In the 3PL, we do find that Homer (as well as εἰσί) has ἔᾱσι, following the 3PL ending of the other μι verbs, but much as the ω verb ending -ουσι comes from -οντι, we can explain εἰσί from ἐσ+ντι.
Further justification of earlier forms comes from comparison with other Indo-European languages but doing that would take us too far afield for this survey. For now, we’ll just summarize what we have for this new paradigm.

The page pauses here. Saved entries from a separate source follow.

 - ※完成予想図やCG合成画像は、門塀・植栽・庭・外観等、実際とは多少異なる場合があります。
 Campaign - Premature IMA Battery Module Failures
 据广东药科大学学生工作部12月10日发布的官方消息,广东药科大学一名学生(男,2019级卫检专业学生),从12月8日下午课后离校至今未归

We’ll call this PA-10 but because of the ἐσ/εἰ alternation, we can’t really isolate distinguishers across the entire paradigm other than the full words themselves.
PA-10 | |||
---|---|---|---|
INF | εἶναι | ἐσ+ναι | sigma-drop and compensatory lengthening |
1SG | εἰμί | ἐσ+μι | sigma-drop and compensatory lengthening |
2SG | εἶ | ἐσ+σι | sigma-drop (twice) and compensatory lengthening |
3SG | ἐστί(ν) | ἐσ+τι | |
1PL | ἐσμέν | ἐσ+μεν | |
2PL | ἐστέ | ἐσ+τε | |
3PL | εἰσί(ν) | ἐσ+ντι | lenition of tau, sigma and nu drop with compensatory lengthening |
As always, I stress this is a historical explanation, not an explanation of what was going on in the minds of native Greek speakers nor the best way to initially learn the forms of the copula.
The μι/σι/τι/ντι pattern is fascinating, though; with its parallel to the middle μαι/σαι/ται/νται.

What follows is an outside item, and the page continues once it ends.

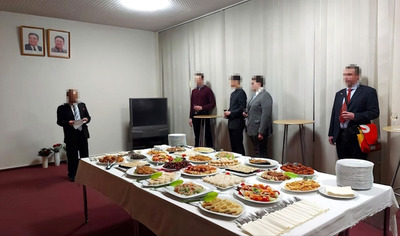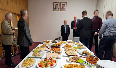 On February 9, a reception on the occasion of Shining Star Day was held at the DPRK Embassy in Germany. The reception, at the invitation of the Ambassador Extraordinary and Plenipotentiary of the DPRK to Germany, was attended by members of the European Executive Committee of the DPRK ISG, headed by Comrade Johannes Wittmund, as well as various political activists. The reception participants made speeches in honor of the 82nd anniversary of the birth of the Great Leader Comrade Kim Jong Il. They highly appreciated the Leader's outstanding achievements in socialist construction and noted that the Republic was able to defend its national sovereignty. Comrade Wittmund conveyed a message from Chairman Mostov to the DPRK Ambassador. Activists of our organization took a commemorative photograph.
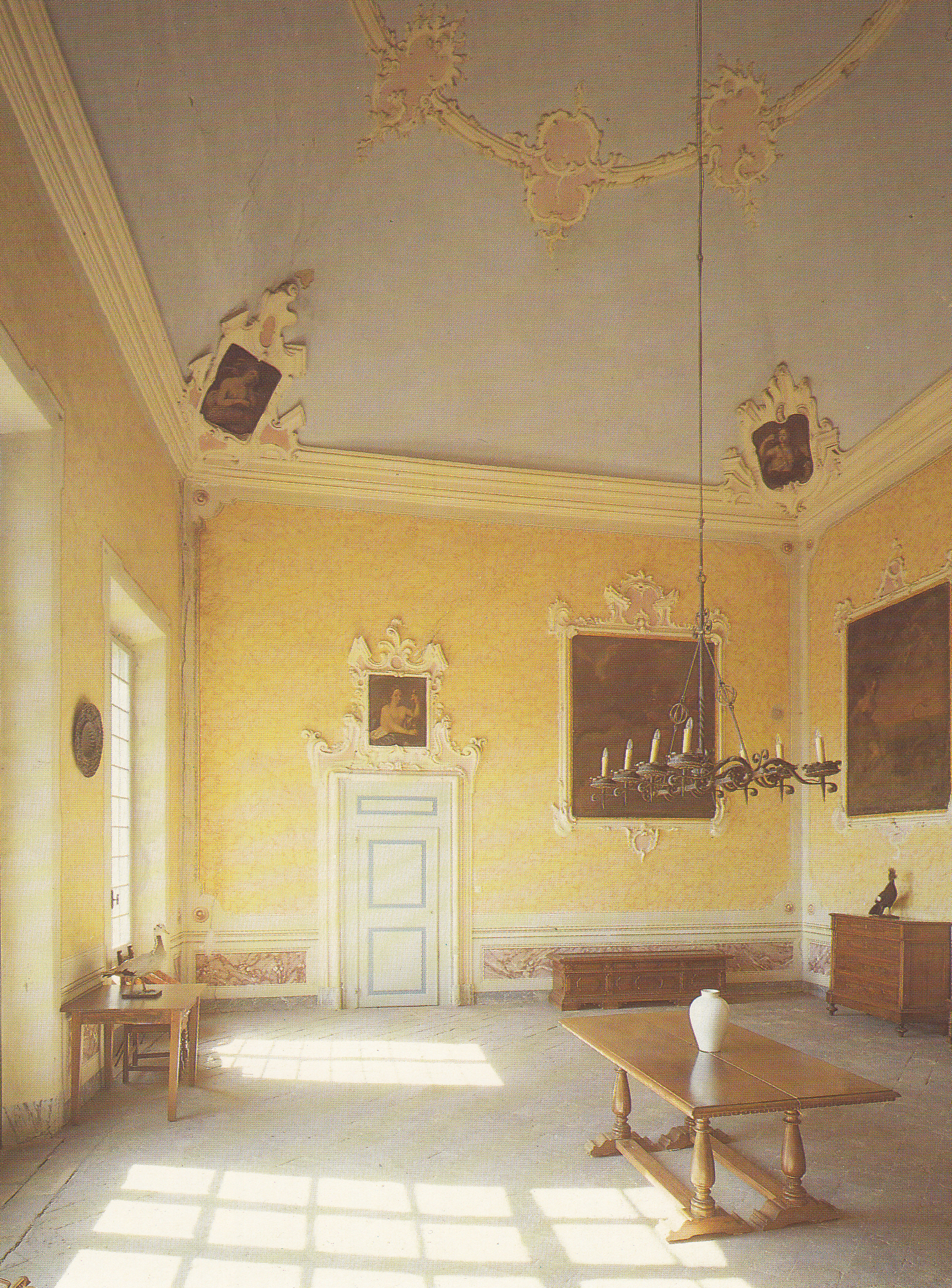 Così nei pennacchi con tele raffiguranti Le quattro Arti agli angoli della volta a padiglione dell’atrio al piano terreno, o nel sinuoso sopracamino con specchiera ornata da tralci di fiori e foglie in una saletta attigua. E più ancora nel salone d’onore: vaste cornici rettangolari con soggetti mitologici alle pareti, due sovraporta con le immagini di Diana (con freccia e con levriero), quattro pennacchi con Le Stagioni, e al sommo della volta a padiglione un rosone con due cerchi intersecantisi.

There are still, of course, open questions, like the relationship between these endings and those of the ω verbs that differ (not least of which -μι vs -ω itself!) Or the fact that our other μι verbs seemed to use a different vowel in the singular than the plural and there’s no sign of that in the copula. [EDIT: also as noted, ἐσσι as the original form is problematic; it was likely ἐσι in Proto-Greek.]
One earlier observation we can say a little bit more about now, though, is the alpha in the -ασι(ν) ending which previously seemed inexplicable. As we shall see later on, when a ν can’t be pronounced in a particular context, it often became an α rather than just dropping out completely. Given we reconstruct an ν in the 3PL ending, this ν becoming an α rather than dropping out entirely explains -ασι(ν) (with no compensatory lengthening). Because the μι verbs (unlike the ω verbs) have a 3SG ending in σι(ν), keeping the α around was useful to discriminate between the singular and plural. In the case of the copula, though, the 3SG retained the τ so there was less reason to keep the old ν (pronounced as α) around and it could just drop out entirely.

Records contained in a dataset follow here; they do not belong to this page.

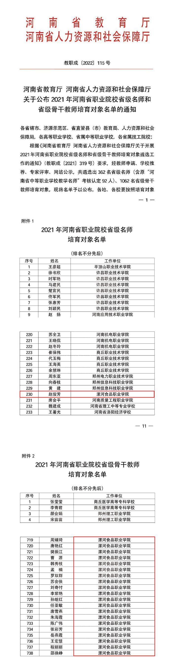 近日,河南省教育厅 河南省人力资源和社会保障厅下发了《关于公布2021年河南省职业院校省级名师和省级骨干教师培育对象名单的通知》(教职成[2022]115号),我院赵俊芳被遴选为省级名师培育对象,周婧琦等20位教师被遴选为省级骨干教师培育对象。... 阅读(1597)
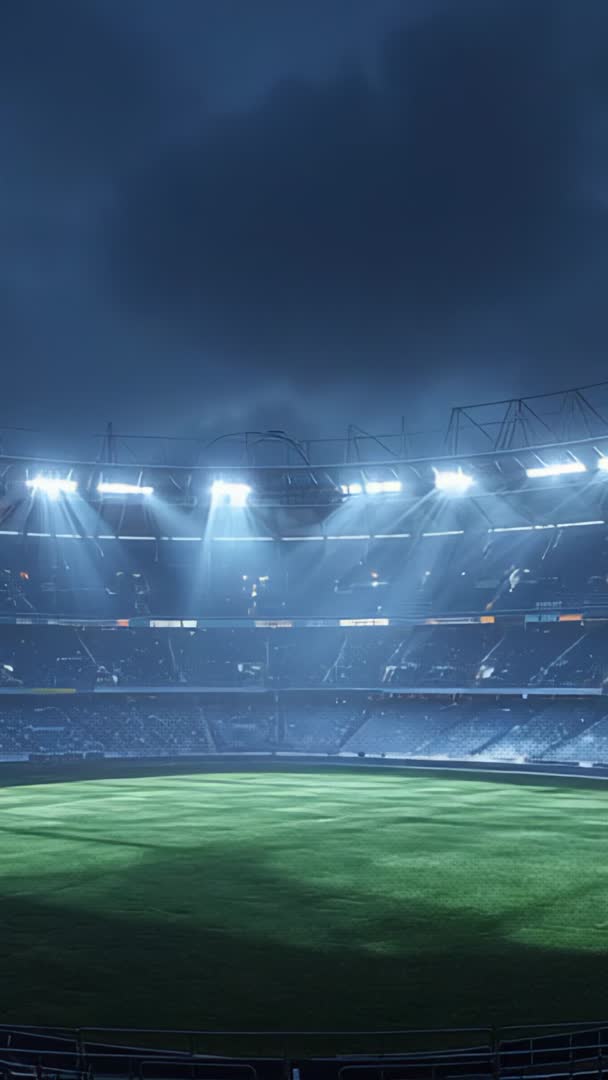 AI Generated Image. Vertical video showing empty sports stadium interior with green pitch glowing under powerful floodlights and heavy cloud cover. Stadium bowl remaining dark except for bright beams cutting through mist, creating dramatic cinematic atmosphere. Video working well as opener for sports broadcasts, match promos, ticketing ads, venue rental pages, countdowns, social media stories, and mobile ads. Suggested usage including adding slow upward tilt or gentle push-in to build tension; overlaying bold headlines or match details within center safe area; layering crowd ambience and orchestral build for cinematic impact; applying cool blue color grade to enhance contrast and mood. Technical notes: optimizing for 9:16 vertical aspect, leaving center area for text and logos, retaining highlight detail near floodlights, preserving beam effect. Ideal for promotional reels, broadcast bumpers, event marketing, esports intros, and stadium tour clips.
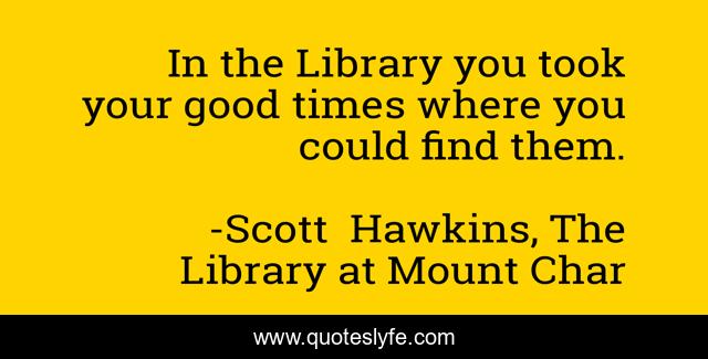 "Scott Hawkins, The Library at Mount Char Quotes." Quoteslyfe.com, 2025. Sun. 07 Dec. 2025. <https://www.quoteslyfe.com/quote/In-the-Library-you-took-your-good-243335>.
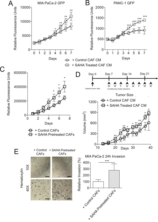 Figure 2: HDACi-treated fibroblasts enhance tumor cell malignant phenotypes. Fluorescence measurements of A. MIA PaCa-2-GFP and B. PANC-1-GFP cells cultured with conditioned media (without drug) from CAFs pre-treated with or without SAHA for 7 days. C. Fluorescence measurements of PANC-1-GFP 3D co-cultured (without drug) for 7 days with CAFs pre-treated +/- SAHA. D. Schematic of in vivo experimental design (above) and tumor volume (below) of subcutaneous flank MIA PaCa-2 tumors of 8 tumors per group injected thrice weekly with conditioned media from cultured CAFs +/- SAHA. *P < 0.05, **P < 0.01. E. Light microscopy images (left) (10X; scale: 100 μm, 40X; scale 10 μm) and relative invasion (right) of MIA PaCa-2 invasion with control or 10 μM SAHA pre-treated PDAC CAFs after 24h in a modified Boyden chamber. *P < 0.05, **P < 0.01, ***P < 0.001.
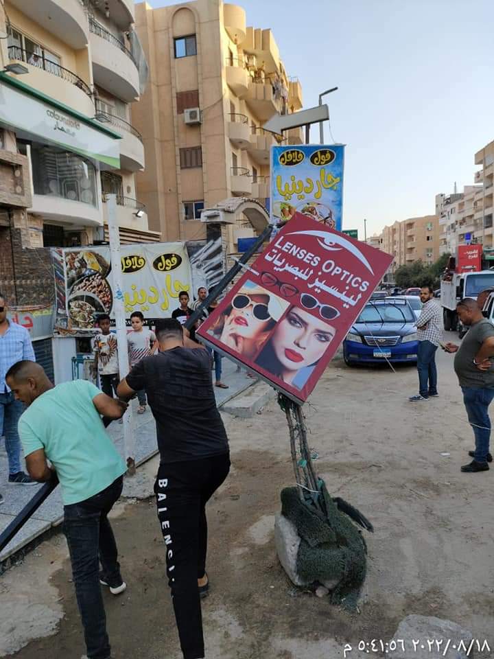 كما تمت إزالة جميع الإعلانات العشوائية وغير المرخصة، وتحرير محاضر للمخالفين ورفع جميع الإشغالات من المقاهي المخالفة للتعليمات والتي تقدم خدمة الشيشة المحظورة للمواطنين، وغلق عدد منها مقامة بالمخالفة بدون ترخيص وتحرير المحاضر اللازمة حيال المخالفين ورفع إشغالات المحال التجارية وتمت مصادرة المضبوطات وإيداعها بمخزن الهضبة واتخاذ كافة الإجراءات القانونية حيال المخالفين وبمتابعة من أحمد إمام نائب رئيس الحي للقطاع.
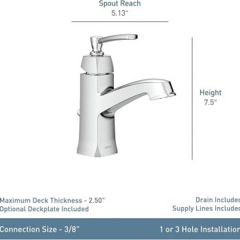 - Moen Conway Chrome One-Handle Single Hole or Centerset Bathroom Faucet with Drain Assembly, WS84923 :$52.90 ($84.99)at Amazon.com
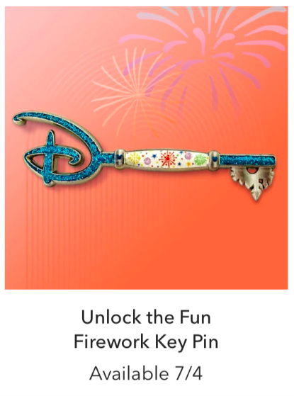 Disney’s collection of key pins is adding a new member this July, and we think it could be in honor of the fireworks’ return to Disney World and the 4th of July! It’s called the “Unlock the Fun Fireworks Key Pin,” and it will be available on shopDisney starting July 4th!
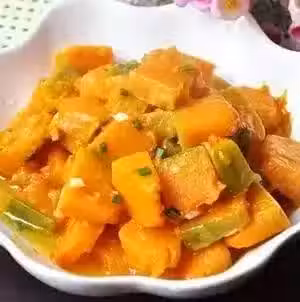 4.鹽分炒勻後,加入清水適量燜一會兒至南瓜軟爛, 裝盤的時候撒上蔥花即可
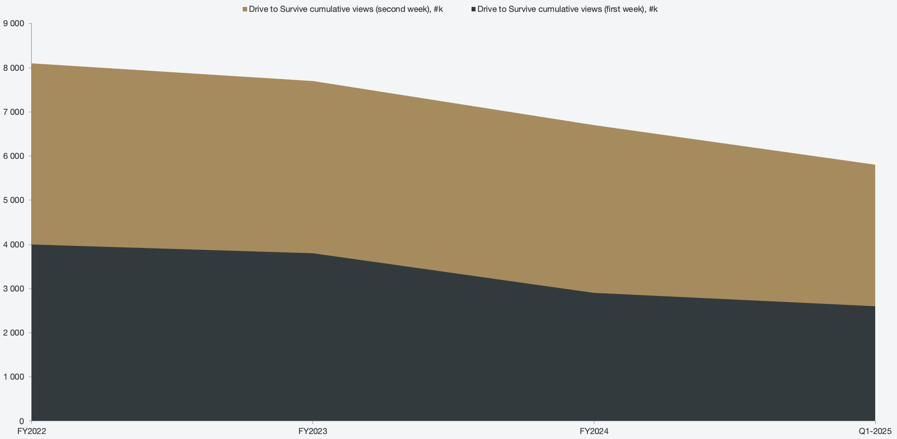 Figure 7: Drive to Survive cumulative weekly views (weeks 1, 2)
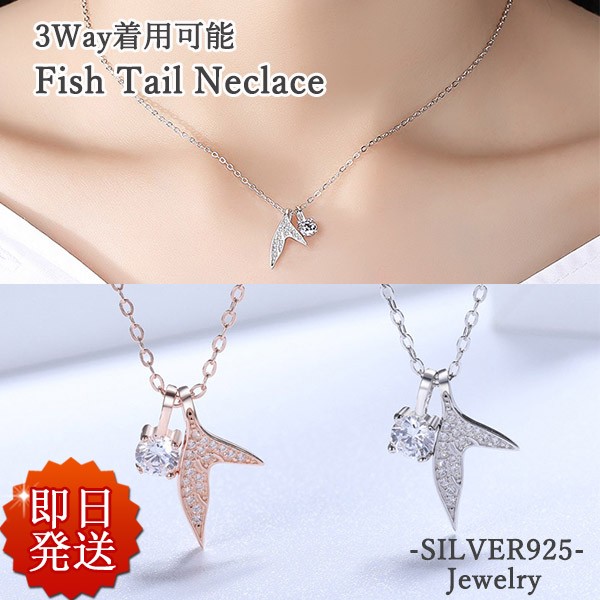 ネックレス レディース 一粒 3WAY 豪華20粒 魚尾ネックレス マーメイドテール 華奢 SLIVER925 妻 娘 彼女 誕生日 クリスマス プレゼント 人気

We’ve now covered the major present infinitive and indicative paradigms. In the next few posts in this series we’re going to step back a little and talk about the relationship between paradigms, the notion of lemmas and citation forms, some more about cell filling and class inference, and some statistics about the frequency of these different paradigms we’ve looked at. Then we’ll move beyond the present and look at a whole new set of paradigms!